An aspect we did not cover in this work is how to assess the difficulty of an annotation task. One approach is to map the complexity, hence the effort, of the task to the difficulty. On the other hand, even a less complex task can be of greater effort than a complex task if the data contains a lot of ambiguousness. Future work can analyze this problem thoroughly. It might also be helpful to follow a more thorough approach of user research that considers psychological aspects, possibly even personality types, and aims for a deeper user analysis. Generally, it can be interesting for other projects to regard other taxonomies of player types and to perform detailed psychological user research. Besides, we did not evaluate our approach over a long period (over several months), which is especially necessary when a narrative is included which is an element that evolves.
During our research, we found a variety of different taxonomies for gamification. We also noticed that not all terms are used consistently by different sources, for example, the terms Game Mechanics and Game Elements.
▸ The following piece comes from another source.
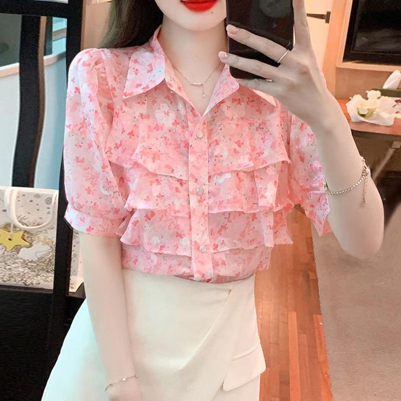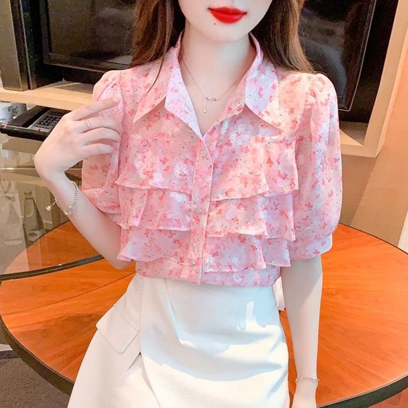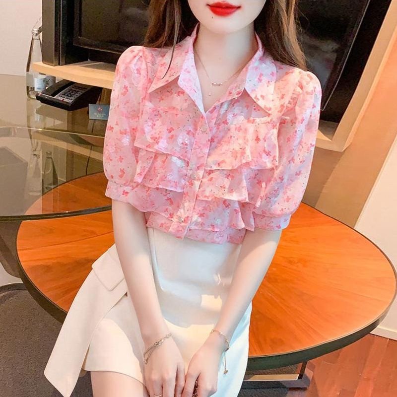 Korean Turn-Down Collar Printed Casual Summer Shirt

Besides, many approaches to distinguish player types exist, which is why we chose to stick with the basic player type taxonomy by . Researchers with a similar purpose should keep in mind that gamification is perceived with skepticism and concerns by some users as the underlying idea is the manipulation of user behavior. For the prevention of a negative impression, it is recommended to include the users in the design process by asking for their opinions and their general game affinity. We strongly discourage any destructive intentions when using gamification, for example, aiming for surveillance of the staff or a highly competitive environment in the company. Related work also frequently mentions the importance of transparency and disclosure concerning the game tool. One possible way to encourage trust is by giving the users access to information on the reasons for the use of game elements and not leaving them with a wrong feeling of being observed or put under pressure by a gamified tool.
Funding source: Bundesministerium für Bildung und Forschung
Award Identifier / Grant number: 16SV8396
Funding statement: This work was partially funded by the German Research Foundation (DFG) as part of Germany’s Excellence Strategy – EXC 2050/1 – Project ID 390696704 – Cluster of Excellence “Centre for Tactile Internet with Human-in-the-Loop” (CeTI) of Technische Universität Dresden, and by DFG grant 389792660 as part of TRR 248 (see https://perspicuous-computing.science). Additionally, the work at AI4BD was funded by the Federal Ministry of Education and Research (BMBF) and the research project PANDIA (grant number 16SV8396).
About the authors
Sarah Alaghbari graduated in Media Computer Science at TU Dresden. As a student assistant at the chair of information and communication business management as well as the media center of TU Dresden, she discovered her interests for the concept of gamification and user interface design. Her Master’s thesis covered the use of gamification elements for machine learning use-cases. Since 2020, she has been working at AI4BD GmbH as a software engineer and designer.
Dr. Annett Mitschick is a research and teaching assistant at the Multimedia Technology Group/Interactive Media Lab at TU Dresden, Germany. She received her diploma in Media Computer Science in 2003 and her PhD in 2010 from TU Dresden. Her current research interests include user-oriented multimedia information retrieval and management using Semantic Web technologies, as well as design and evaluation of user interfaces for data exploration, information seeking, and interpretability.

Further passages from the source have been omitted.